Despite election promises, the Netherlands is still the leader in burning forests, under the heading of biomass (BNNVARA)
By Fenna Swart
Co-written by Maarten Visschers
BECCS and the false promises of CO2 capture and storage
Bio-Energy with Carbon Capture Storage, or bio-energy with CO2 capture and storage, simply called BECCS, is not yet a well-known concept to the general public, but it is a climate measure in which significant investments are being made through, among other things, government subsidies. In other words, it is a new revenue model for the industry. The question is whether this has helped the climate? This climate measure, promoted by the government as a new technology for clean air and which would therefore provide an incentive for industry, actually appears to do the opposite.
New research, published today by WWF, underlines what the Clean Air Committee, in collaboration with its local, regional and (inter)national fellow nature and forest protectors, has been saying for years: the biggest offender with regard to European climate policy is Brussels’ biomass policy. Number 1. Anyone with a heart for forests, biodiversity and air quality (both the Dutch voter and the new Dutch politicians) should take the conclusions of this report as a starting point for climate and nature policy.
While the current Dutch party leaders are calling in unison to get rid of biomass, the influence of Brussels policy is far-reaching. We are also experiencing the consequences of this in the Netherlands. RWE, the largest energy producer in the Netherlands and Europe, this month started the official permit procedure to convert the coal-fired power plant in Eemshaven into a fully biomass power plant.

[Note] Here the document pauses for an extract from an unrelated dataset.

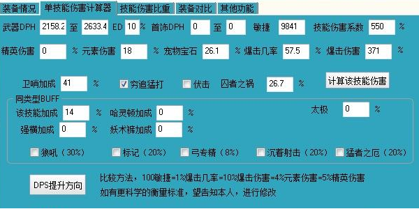 今天我们为大家推荐的就是来自论坛玩家自己制作的两款输出模拟器,它们分别是玩家半世悠然制作的箭塔相关计算器与玩家白菜包子制作的2.1版本圣教军装备模拟器。半世悠然制作的猎魔人模拟计算器有档位计算器,宝石升级率查询,箭塔计算器等功能。不仅可以模拟出当前DH造成的伤害,还会对你的可提升方向给出提示。
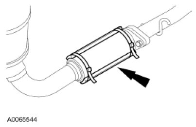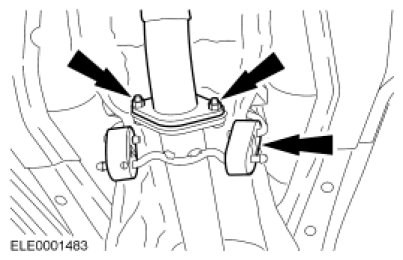 11. Disconnect the center exhaust hanger and support the exhaust with wire.

This means that RWE and the Netherlands are completely missing the point, according to the Clean Air Committee. The European science umbrella organization (EASAC and JRC) as well as the United Nations and now also the World Wildlife Fund confirm this. Biomass is highly contradictory and inconsistent with European climate objectives because its production (logging and transport) and emissions (wood burning) actively hinder a rapid reduction of the necessary CO2 emissions.

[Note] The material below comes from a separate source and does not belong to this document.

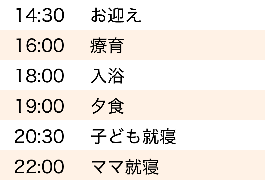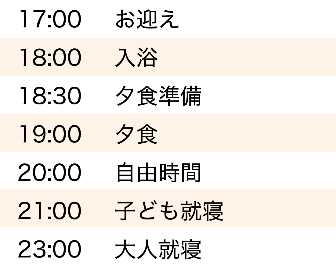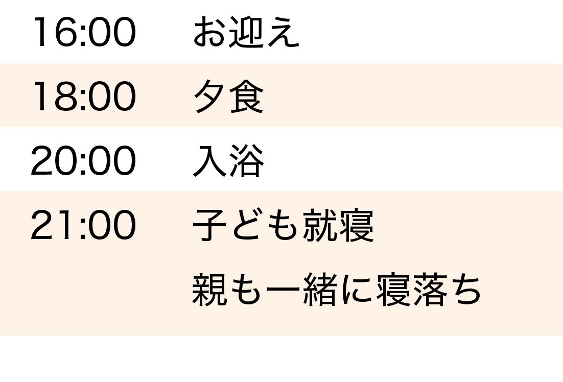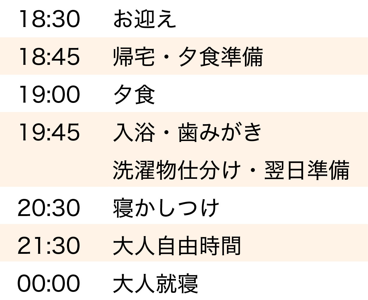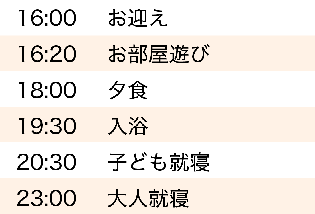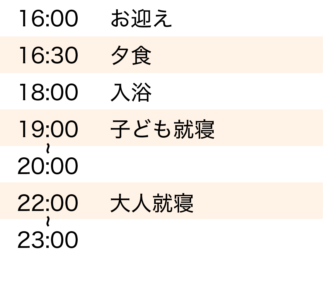 ※母がお迎えの日はこの通りで、父がお迎えの日はお迎え〜夕飯開始時間が全体的に30分くらい早く進みます。夜の対応はワンオペです。どちらが残業するのかはGoogleカレンダーを共有して、当日話し合って決めています。

Dutch forest burned up in seven years
The forests in Europe (including the Baltic States and (South-East) America) can therefore brace themselves. RWE’s biomass plan is also called BECCS, the abbreviation of the English term Bio-Energy with Carbon Capture and Storage (biomass combustion with CO2 capture). and storage). The RWE Eemshaven coal-fired power plant came into operation in 2015 and will stop operating in 2030 due to the ban on coal combustion. The power plant therefore wants to use BECCS from 2030. At the moment, a maximum of 30% of biomass is allowed annually, which is 1.6 million tons are burned, without CO2 capture and storage (CCS).
The wood pellets come from clear-cut forests in the Baltic states and the southeast of the US. That is more than 5 million tons annually in 2030. In other words: 50,000 hectares of forest are burned every year. This amounts to the burning of all Dutch forests in about 7 years.
BECCS is therefore incorrectly described as emission-free (CO2 negative). RWE reasons as follows: CO2 from biomass combustion is captured and stored, and newly planted trees again capture CO2.
However, scientists indicate that on balance BECCS actually emits more CO2. This is because various emissions have not been included in the calculation. In other words, the CO2 emissions at the chimney are captured and stored. But what is not stated is that this capture and storage costs one-third of the energy generated (read: CO2 storage). In addition, CO2 emissions prior to biomass combustion are not captured, these are the CO2 emissions during forest clearing, such as the production and transport of wood pellets, and the newly planted trees only have the ability to capture CO2 after 50 – 100 years, if planting or regeneration takes place at all because there is no legal obligation to plant in the US.
Not a proven technique
So although this technology is now being heavily invested in through billions in government subsidies, strangely enough there is no evidence of a successful BECCS project. Yet Frans Timmermans, still in his position as European Climate Commissioner, decided, for example, to provide 180 million euros in innovation subsidy to the BECCS project in Stockholm of energy company Exergi. There is also not yet a single coal- or gas-fired power plant where successful CO2 capture and storage has been reported.
Expensive and not sustainable
An additional problem is that the costs of operating a biomass power plant with BECCS are astronomically high, according to think tank Ember. According to this renowned think tank, the two biomass installations of the British energy company Drax as BECCS require €36.7 billion in subsidies. This does not include the necessary subsidies for the construction of the transport pipeline and offshore storage of CO2.
Focusing on forest protection
Using BECCS as a climate measure therefore makes little sense and is also disastrous for forests and biodiversity. The technology is unproven, very expensive and not sustainable. While a natural solution is obvious. Leave forests, protect them and expand. The only natural and therefore sustainable way to purify the air, reduce CO2 emissions and let our earth breathe.